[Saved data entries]
+++
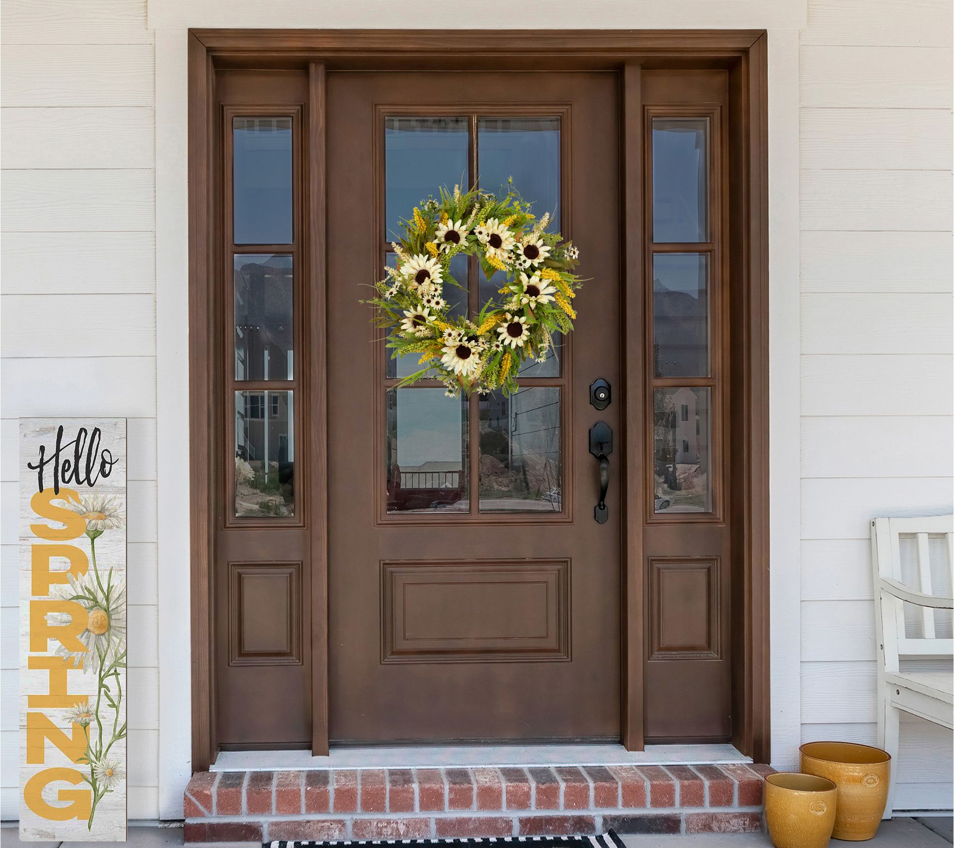 Celebrate the beauty of the season by adding a burst of color to your entryway or mantel with this sunflower wreath. Featuring pops of sunflowers, wheat accents, and lush green foliage, its vibrant design brings a cozy fall feel to your home, whether displayed on a door, wall, or window. From Northlight.
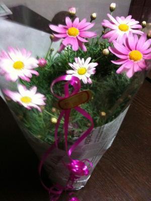 すると娘が中座して マーガレットの鉢植えを持って登場。
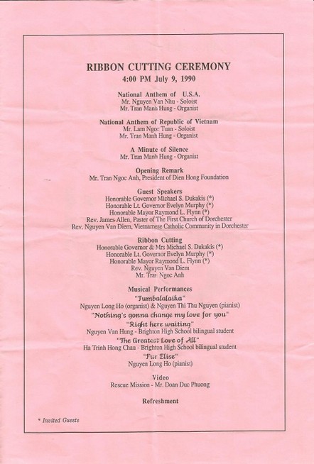 Buổi triển lãm đã được Thị Trưởng Boston Ray Flynn, Linh Muc Nguyễn Văn Điểm và Mục Sư James Allen cắt băng khai mac. Trên mười hình ảnh thảm thương về đồng bào tỵ nạn còn đang kẹt lại đã được phóng lớn và được phô bày chung quanh tiền đường. Các truyền đơn được đưa tới tay các khách ra vào cùng sự tiếp đón, hướng dẫn và giải thích cho khách cùng mời khách thưởng thức một vài món ăn Việt Nam.
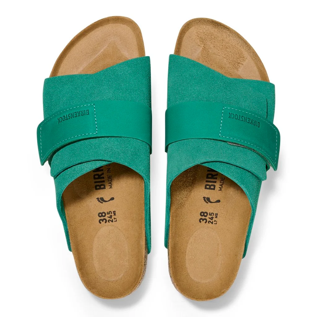 Il modello casual BIRKENSTOCK Kyoto è ispirato dal classico Zürich ed è caratterizzato da un design compatto con chiusura regolabile individualmente che garantisce stabilità ottimale ed è completata da dei rivetti decorativi. La tomaia è composta da pelle scamosciata particolarmente morbida, che aderisce al piede come una seconda pelle, in combinazione a pelle nabuk naturale.
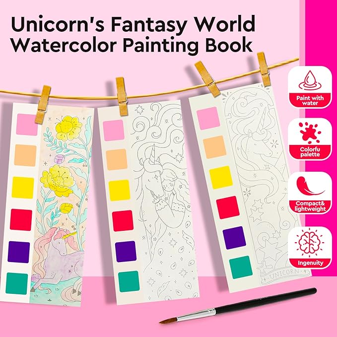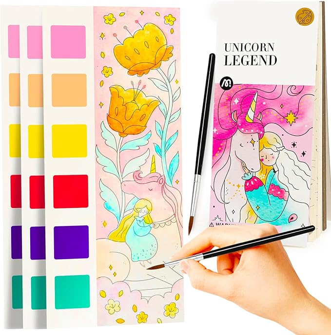 - Coloring Books for Kids Ages 4-8:This small, pocket-sized watercolor book is perfect for on-the-go creativity. It can easily be turned into a travel art set, allowing kids to paint wherever they are. Once a page is finished, it can be torn off along the dotted line and turned into a colorful bookmark or art craft. This feature makes it a great stress reliever and fun activity for toddlers, kids, or even adults.
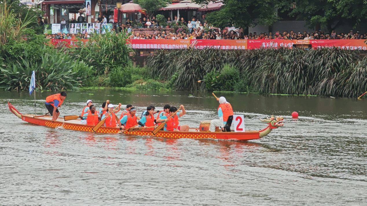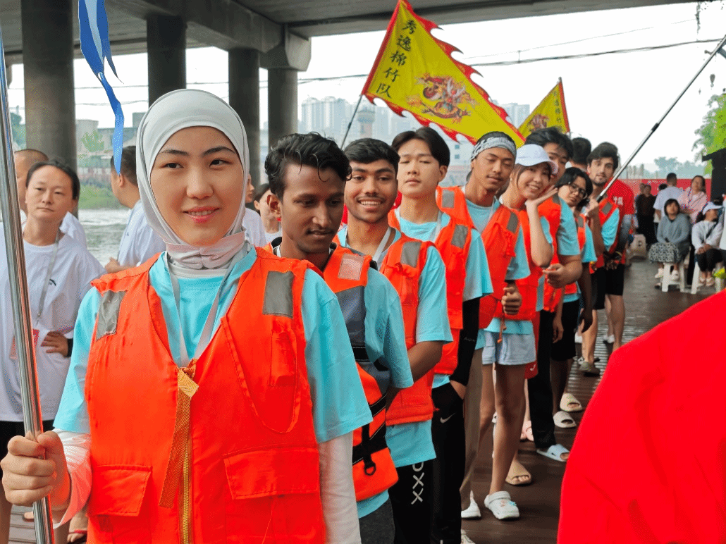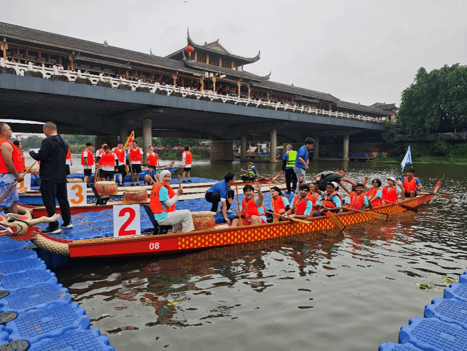 2025年5月31日,苏稽镇古桥至廊桥水域锣鼓喧天、水花四溅。beat365英国官方网站十余名留学生作为特色参赛队伍,热情参与了“2025年乐山市市中区第二届欢乐龙舟赛暨川渝地区龙舟邀请赛”,在热闹的节日氛围中亲身体验了中国传统龙舟运动的独特魅力。
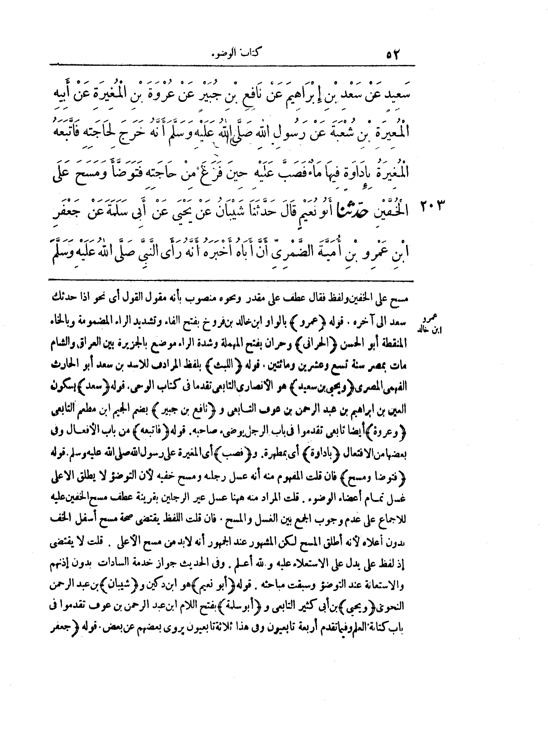 مسح على الخفين ولفظ فقال على مقدر ومحوه منصوب بأنه مقول القول أي نحو إذا حدثك عمر ابن خالد سعد إلى آخره. قوله) عمرو (بالواو ابن خالد بن فروخ بفتح الفاء وتشديد الراء المضمومة وبالخاه المنقطة أبو الحسن الحرانى. وحران بفتح المهملة وشدة الراء موضع بالجزيرة بين العراق والشام مات بمصر سنة تسع وعشرين ومائتين. قوله) الليث (بلفظ المرادف للأسد بن سعد أبو الحارث الفهمي المصري) ويحي بن (هو الأنصاري التابعي تقدما في كتاب الوحي. قوله) سعد (بسكون العين بن إبراهيم بن عبد الرحمن بن عوف التابعي ونافع بن جبير (بضم الجيم ابن مطعم التابعي) وعروة (أيضا تابعي تقدموا في باب الرحيل يوضئ صاحبه قوله) فاتبعه (من باب الأفعال وفى بعضها من الأفعال) باداوة (أي بمظهره. و) فصب (أي المغيرة على رسول الله صلى الله عليه وسلم. قوله) فتوضأ ومسح (فان قلت المفهوم منه أنه عسل رجله ومسح خفيه لأن التوضؤ لا يطلق الأعلى غسل تمام أعضاء الوضوء. قلت المراد منه هنا عسل عير الرجلين بقرينة عطف مسح الخفين عليه للإجماع علي عدم وجوب الجمع بين الغسل والمسح. فان قلت اللفظ يقتضي صحة مسح أسفل الخف بدون أعلاه لأنه أطلق المسح لكن المشهور عند الجمهور أنه لابد من مسح الأعلى. قلت لا يقتضي إذ لفظ على يدل على الاستعلاء عليه والله علم. وفي الحديث جواز خدمة السادات بدون إذنهم والاستعانة عند التوضؤ وسبقت مباحثه. قوله) أو نعيم (هو ابن دكين و) شيبان (بن عبد الرحمن النحوي) ويحي (بن أبي كثير التابعي و) أبو سلة (بفتح اللاّم ابن عبد الرحمن بن عوف تقدموا فى باب كتابه العلم وفيما تقدم أربعة تابعيون وفى ثلاثة بعيون يروى عن بعض. قوله (جعفر)
+++
The records must be copied with no word altered, and without their pictures.

# [Solved problem]
 Celebrate the beauty of the season by adding a burst of color to your entryway or mantel with this sunflower wreath. Featuring pops of sunflowers, wheat accents, and lush green foliage, its vibrant design brings a cozy fall feel to your home, whether displayed on a door, wall, or window. From Northlight.
 すると娘が中座して マーガレットの鉢植えを持って登場。
 Buổi triển lãm đã được Thị Trưởng Boston Ray Flynn, Linh Muc Nguyễn Văn Điểm và Mục Sư James Allen cắt băng khai mac. Trên mười hình ảnh thảm thương về đồng bào tỵ nạn còn đang kẹt lại đã được phóng lớn và được phô bày chung quanh tiền đường. Các truyền đơn được đưa tới tay các khách ra vào cùng sự tiếp đón, hướng dẫn và giải thích cho khách cùng mời khách thưởng thức một vài món ăn Việt Nam.
 Il modello casual BIRKENSTOCK Kyoto è ispirato dal classico Zürich ed è caratterizzato da un design compatto con chiusura regolabile individualmente che garantisce stabilità ottimale ed è completata da dei rivetti decorativi. La tomaia è composta da pelle scamosciata particolarmente morbida, che aderisce al piede come una seconda pelle, in combinazione a pelle nabuk naturale.
 - Coloring Books for Kids Ages 4-8:This small, pocket-sized watercolor book is perfect for on-the-go creativity. It can easily be turned into a travel art set, allowing kids to paint wherever they are. Once a page is finished, it can be torn off along the dotted line and turned into a colorful bookmark or art craft. This feature makes it a great stress reliever and fun activity for toddlers, kids, or even adults.
 2025年5月31日,苏稽镇古桥至廊桥水域锣鼓喧天、水花四溅。beat365英国官方网站十余名留学生作为特色参赛队伍,热情参与了“2025年乐山市市中区第二届欢乐龙舟赛暨川渝地区龙舟邀请赛”,在热闹的节日氛围中亲身体验了中国传统龙舟运动的独特魅力。
 مسح على الخفين ولفظ فقال على مقدر ومحوه منصوب بأنه مقول القول أي نحو إذا حدثك عمر ابن خالد سعد إلى آخره. قوله) عمرو (بالواو ابن خالد بن فروخ بفتح الفاء وتشديد الراء المضمومة وبالخاه المنقطة أبو الحسن الحرانى. وحران بفتح المهملة وشدة الراء موضع بالجزيرة بين العراق والشام مات بمصر سنة تسع وعشرين ومائتين. قوله) الليث (بلفظ المرادف للأسد بن سعد أبو الحارث الفهمي المصري) ويحي بن (هو الأنصاري التابعي تقدما في كتاب الوحي. قوله) سعد (بسكون العين بن إبراهيم بن عبد الرحمن بن عوف التابعي ونافع بن جبير (بضم الجيم ابن مطعم التابعي) وعروة (أيضا تابعي تقدموا في باب الرحيل يوضئ صاحبه قوله) فاتبعه (من باب الأفعال وفى بعضها من الأفعال) باداوة (أي بمظهره. و) فصب (أي المغيرة على رسول الله صلى الله عليه وسلم. قوله) فتوضأ ومسح (فان قلت المفهوم منه أنه عسل رجله ومسح خفيه لأن التوضؤ لا يطلق الأعلى غسل تمام أعضاء الوضوء. قلت المراد منه هنا عسل عير الرجلين بقرينة عطف مسح الخفين عليه للإجماع علي عدم وجوب الجمع بين الغسل والمسح. فان قلت اللفظ يقتضي صحة مسح أسفل الخف بدون أعلاه لأنه أطلق المسح لكن المشهور عند الجمهور أنه لابد من مسح الأعلى. قلت لا يقتضي إذ لفظ على يدل على الاستعلاء عليه والله علم. وفي الحديث جواز خدمة السادات بدون إذنهم والاستعانة عند التوضؤ وسبقت مباحثه. قوله) أو نعيم (هو ابن دكين و) شيبان (بن عبد الرحمن النحوي) ويحي (بن أبي كثير التابعي و) أبو سلة (بفتح اللاّم ابن عبد الرحمن بن عوف تقدموا فى باب كتابه العلم وفيما تقدم أربعة تابعيون وفى ثلاثة بعيون يروى عن بعض. قوله (جعفر)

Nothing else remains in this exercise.